Няня Тося и Елизавета Петровна, которые устали ждать и спорить, подбинтовали Аде культи, всадили их в гильзы, сзади затянули на икрах шнурки, застегнули на коленках по три ремешка с пряжками.

– Ада, ну я прошу тебя, надень ремни и застегни лямки! – упрашивала Елизавета Петровна.

– Пожалуйста, не надо! – сказала Ада так тихо, что сама себя еле услышала.

Натянула на протезы чулки и тапочки. Сидит на кровати и не может, боится подняться. Ее смущает, что все смотрят и ждут… Ждут… Протягивают ей наперебой руки для помощи, костыли, палочку.

– Нет! Не нужно! Не хочу! Я сама!

Наконец она решилась: взялась за спинку кровати обеими руками и сразу встала, но тут же покачнулась. Кто-то ее поддержал.

Сделала два шага, очень неуклюжих, вразвалку, шатаясь, к столу и схватилась за него руками. Потом повернулась, не отнимая рук, спиной к палате, лицом к двери. Ничего вроде. Немного необычное состояние: голова чуть кружится, а сама себе показалась большой, почти вровень с Елизаветой Петровной, Верой Михайловной и выше Тоси.
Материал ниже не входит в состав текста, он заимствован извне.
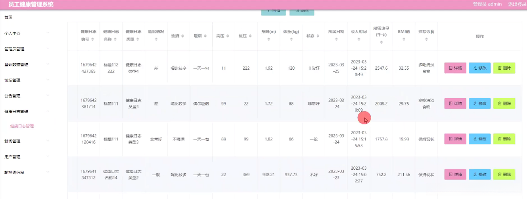 基于SpringBoot+Vue员工健康日志管理系统设计与实现(源码+lw+部署+讲解)

Дверь Аду просто манила к себе, и тогда она не выдержала: подозвала сестру и няню, взяла их под руки и очень просто дошла. Раз так – пойдет в коридор.

Втроем дошли до порожка. Долго она не могла переступить через него, не представляла, как это она согнет ноги в коленях. Что же это такое: так вот и будет просить всегда, чтобы через пороги переводили? И все же заставила себя согнуть ногу, поднять вверх и переступить через это препятствие. Но выпрямить ногу снова не сумела. Словно никогда и не знала, как это делается. Тут же села на стул. Сердце колотится от напряжения, пот выступил на лбу, катится по спине. Она разом устала и ослабла. Неужели это все? Надо бы еще, хотя бы немного…

Из каждой палаты выглядывали раненые. И все ей желали удачи, подбадривали, звали в гости.

Ей чертовски везло всю жизнь на человеческое тепло и участие, а что больше поднимает дух?

Она снова встала, сделала несколько шагов по коридору, повернулась на сто восемьдесят градусов с помощью своих «поводырей» и снова одолела порог. Она почувствовала, что бинт основательно мешает ей: и зудит, и трет, и жмет.

Сняла протезы, немного отдохнула. Никакие уговоры не могли заставить ее сейчас лечь в постель. Тянуло ходить – и немедленно.

– Ну, Адочка, отдохни, – уговаривала ее Елизавета Петровна, – нельзя же так сразу. То не хотела, а теперь можешь переусердствовать и навредить себе.

Трудные первые шаги были сделаны. И Ада поняла, что пойдет. Будет упорно тренироваться, но во что бы то ни стало крепко станет на ноги.

И появилась неотвязная, обжигающая мысль: вернуться в бригаду! Она еще докажет, что сможет воевать!

Сначала она еще ходила с кем-нибудь под руку: с няней, и сестрой, с ранеными – «поводырей» было хоть отбавляй! На третий день отказалась от них и стала ходить сама.

Не обошлось и без курьезов: хочется идти прямо, а ее заносит то влево, то вправо. От одной стенки оттолкнется, через несколько шагов уже держится за другую.

Она понимала: надо учиться управлять не только ногами, но и всем корпусом. Ходила очень много, врачи даже стали ее ругать и назначали определенное количество часов для тренировок. Но не тут-то было! Даже во время мертвого часа она не снимала протезы и перестала ложиться в постель – ходила и ходила. Утомляться стала меньше, а потом, через месяц, и совсем не уставала. Стала свободно брать «барьеры» в виде порогов, лестниц, не говоря уже о палатах своего отделения.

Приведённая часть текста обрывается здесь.